Total minutes in bed represents the amount of time that an individual spends asleep as well as the amount of time the individual takes to fall asleep, that is, latency. Total sleep time represents the amount of time that an individual spends asleep, less the amount of time the person awakens. This is calculated by subtracting the wake after sleep onset (WASO) from the duration of the sleep period. WASO is the sum of all moments of wakefulness lasting longer than 5 minutes (see).
The data collected from the actigraphy device contained triaxial accelerometer movement. Previous research has identified that for devices worn on the wrist, the vertical axis from accelerometer data is the most indicative of physical activity . Consequently, we switched to 1-dimensional input for a simpler and less noisy modeling (ie, each row in our dataset contained a 1-dimensional time series of vertical axis accelerometer data).

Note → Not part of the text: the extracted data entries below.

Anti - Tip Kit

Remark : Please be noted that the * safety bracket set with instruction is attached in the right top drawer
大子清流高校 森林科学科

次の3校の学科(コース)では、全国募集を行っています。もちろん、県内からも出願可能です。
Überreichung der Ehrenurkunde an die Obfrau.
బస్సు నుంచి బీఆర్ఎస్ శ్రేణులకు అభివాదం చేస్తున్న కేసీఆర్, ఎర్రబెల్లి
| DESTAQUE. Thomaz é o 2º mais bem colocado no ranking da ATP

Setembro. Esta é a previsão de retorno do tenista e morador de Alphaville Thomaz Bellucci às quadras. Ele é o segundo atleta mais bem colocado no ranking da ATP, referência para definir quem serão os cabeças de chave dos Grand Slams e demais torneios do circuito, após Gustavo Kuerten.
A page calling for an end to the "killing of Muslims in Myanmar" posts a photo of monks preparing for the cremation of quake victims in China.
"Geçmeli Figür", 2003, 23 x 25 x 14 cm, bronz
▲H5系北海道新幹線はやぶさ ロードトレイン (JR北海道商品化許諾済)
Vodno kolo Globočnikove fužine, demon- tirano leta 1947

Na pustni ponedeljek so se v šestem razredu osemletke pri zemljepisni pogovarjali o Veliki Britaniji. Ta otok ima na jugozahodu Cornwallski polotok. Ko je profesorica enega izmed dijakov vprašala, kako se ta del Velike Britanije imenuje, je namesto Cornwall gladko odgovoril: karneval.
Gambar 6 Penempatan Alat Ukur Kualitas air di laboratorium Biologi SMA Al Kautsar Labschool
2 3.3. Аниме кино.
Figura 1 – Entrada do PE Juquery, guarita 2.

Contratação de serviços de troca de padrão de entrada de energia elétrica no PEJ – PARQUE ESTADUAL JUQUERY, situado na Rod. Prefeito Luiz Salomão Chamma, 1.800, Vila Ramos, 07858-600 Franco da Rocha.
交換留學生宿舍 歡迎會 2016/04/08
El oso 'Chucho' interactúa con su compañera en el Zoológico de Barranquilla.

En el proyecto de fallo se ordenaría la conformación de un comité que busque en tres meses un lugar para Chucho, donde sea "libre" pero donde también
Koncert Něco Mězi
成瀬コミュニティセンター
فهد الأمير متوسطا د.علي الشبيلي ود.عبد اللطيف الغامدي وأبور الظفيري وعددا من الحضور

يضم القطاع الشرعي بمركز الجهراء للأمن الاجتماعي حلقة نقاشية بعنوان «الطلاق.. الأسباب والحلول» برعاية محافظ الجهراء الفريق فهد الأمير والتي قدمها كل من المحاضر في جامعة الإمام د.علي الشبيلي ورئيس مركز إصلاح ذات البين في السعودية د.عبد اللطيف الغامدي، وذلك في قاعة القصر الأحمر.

The raw accelerometer data was aggregated into minute-by-minute epochs using a script written in R version 3.3.1, a statistical Open Source computing software developed as part of the R Project. In this dataset, the time series contains activity data during both the awake time and the sleep time (as shown in). We used the awake time to form the prediction (ie, as the model input) and the sleep time to determine the ground truth of sleep quality. Sleep quality (good or poor) was determined from the sleep time actigraphy data, and each time series was labeled as such.
As mentioned earlier, sleep onset time and sleep awakening time are metrics that form the boundary of the sleep period . We interpreted and expanded these values for accelerometer data according to Sadeh’s actigraphy definitions [ ].
Sleep onset time is traditionally defined as the first minute of 15 continuous minutes of sleep after a self-reported bedtime, and the sleep awakening time is the last minute of 15 continuous minutes of sleep that is followed by 30 minutes of movement . To automate this interpretation directly from the accelerometer output, we developed the concept of candidate rows. Candidate rows denote moments (or designated epochs) in time with a lack of triaxial movement and require a subsequent pass to determine whether the individual is asleep or awake. Each row is iterated upon and run through a state machine, as illustrated in . Since there is no self-reported bedtime, we inferred it as the beginning of sedentary behavior immediately preceding and adjacent to the start of the sleep period. The duration of this sedentary time is the latency.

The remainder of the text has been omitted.